This morning I led a Tampa Audubon Society field trip to Honeymoon Island. At
around noon, towards the end of the walk I located a Western Tanager which we
had superb views of (including scope views down to 40 feet) for about 10
minutes. To get to where the bird was found take the Osprey Trail north from
the parking lot for a couple of hundred yards then take the first trail to
the left. In a hundred yards this trail reaches a "T" intersection. Go right
(north) here and keep going until the trail crosses a very sandy area. Just
after this you will see an area of dead Slash Pines on the left and a small
post with an orange and white top in the vegetation to the left of the trail.

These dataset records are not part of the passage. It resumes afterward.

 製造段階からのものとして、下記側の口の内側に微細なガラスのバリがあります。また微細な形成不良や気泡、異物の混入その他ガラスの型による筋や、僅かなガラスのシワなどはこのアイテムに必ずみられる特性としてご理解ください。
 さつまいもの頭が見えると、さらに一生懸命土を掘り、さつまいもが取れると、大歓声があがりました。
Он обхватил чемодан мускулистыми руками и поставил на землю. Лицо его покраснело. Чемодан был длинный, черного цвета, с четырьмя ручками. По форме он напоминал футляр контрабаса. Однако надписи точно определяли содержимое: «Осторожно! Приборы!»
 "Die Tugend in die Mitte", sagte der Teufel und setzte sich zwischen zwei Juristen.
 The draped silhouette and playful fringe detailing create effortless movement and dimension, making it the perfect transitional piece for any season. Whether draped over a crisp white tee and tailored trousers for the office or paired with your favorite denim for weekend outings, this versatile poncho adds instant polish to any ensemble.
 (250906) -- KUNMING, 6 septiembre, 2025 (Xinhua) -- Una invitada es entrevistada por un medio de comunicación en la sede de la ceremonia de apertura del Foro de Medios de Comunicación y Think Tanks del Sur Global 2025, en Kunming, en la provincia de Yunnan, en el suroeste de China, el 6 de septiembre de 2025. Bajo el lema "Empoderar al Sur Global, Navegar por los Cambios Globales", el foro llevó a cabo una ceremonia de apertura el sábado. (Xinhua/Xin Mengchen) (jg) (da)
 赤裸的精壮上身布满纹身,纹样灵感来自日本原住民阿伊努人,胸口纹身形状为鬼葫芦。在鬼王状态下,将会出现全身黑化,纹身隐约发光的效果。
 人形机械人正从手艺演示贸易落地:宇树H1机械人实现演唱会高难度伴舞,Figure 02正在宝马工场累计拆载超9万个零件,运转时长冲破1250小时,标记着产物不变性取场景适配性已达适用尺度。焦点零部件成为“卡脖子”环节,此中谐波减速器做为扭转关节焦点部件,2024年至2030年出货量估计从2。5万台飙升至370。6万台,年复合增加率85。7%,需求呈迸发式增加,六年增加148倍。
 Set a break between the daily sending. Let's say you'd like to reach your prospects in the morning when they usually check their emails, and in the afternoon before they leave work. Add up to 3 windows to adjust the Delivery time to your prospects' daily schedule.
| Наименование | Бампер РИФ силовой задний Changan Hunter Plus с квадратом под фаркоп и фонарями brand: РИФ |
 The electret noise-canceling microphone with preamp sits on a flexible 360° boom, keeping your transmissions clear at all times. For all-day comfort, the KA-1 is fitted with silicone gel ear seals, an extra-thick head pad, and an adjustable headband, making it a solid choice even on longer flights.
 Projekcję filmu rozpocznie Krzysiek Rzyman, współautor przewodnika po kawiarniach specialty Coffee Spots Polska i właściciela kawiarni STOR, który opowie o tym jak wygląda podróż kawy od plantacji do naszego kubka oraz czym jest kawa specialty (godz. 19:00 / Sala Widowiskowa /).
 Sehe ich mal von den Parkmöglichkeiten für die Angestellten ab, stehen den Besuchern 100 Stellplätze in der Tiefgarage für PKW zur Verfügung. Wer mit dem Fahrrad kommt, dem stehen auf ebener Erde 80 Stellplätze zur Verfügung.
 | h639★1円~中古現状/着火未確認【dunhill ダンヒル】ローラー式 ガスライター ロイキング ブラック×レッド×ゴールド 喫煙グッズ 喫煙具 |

The bird was seen in the trees imediately around this post.

I'm fairly certain that this bird was a first year male based on the
following characters. The head was fairly bright yellow with just a tinge of
greenish on the crown and no red whatsoever, thus ruling out a basic plumaged
adult male. The whole underparts were a bright lemon yellow as was the rump
which contrasted noticeably with the mantle which was a dull grayish green.
Pyle states that such yellow headed birds showing an obvious contrast between
the rump and mantle are first year males. The wings were a dull grayish brown
with two very prominent wingbars. The lower of these (on the greater coverts)
was a distinct buffish white and longer and slightly narrower than the upper
wing bar. The upper wing bar (on the median coverts) was shorter and thicker
and very obviously bright yellow. the tail was a dark grayish brown and very
slightly forked. The bill was a dull orange with a dark culmen. The bird was
not heard calling. It was last seen in a cabbage palm on the right (east)
side of the trail just a few yards north of the orange and white stick.

Also seen on Honeymoon today were a Nashville Warbler (first 100 yards of
Osprey Trail) , Cliff Swallow (over Bird Observation Area) and a juvenile
Pectoral Sandpiper at the Bird Observation Area. All these species are
relatively scarce on Honeymoon. We also saw 3 Snowy Plovers at the Pet Beach
and a Great Horned Owl on the Osprey Trail.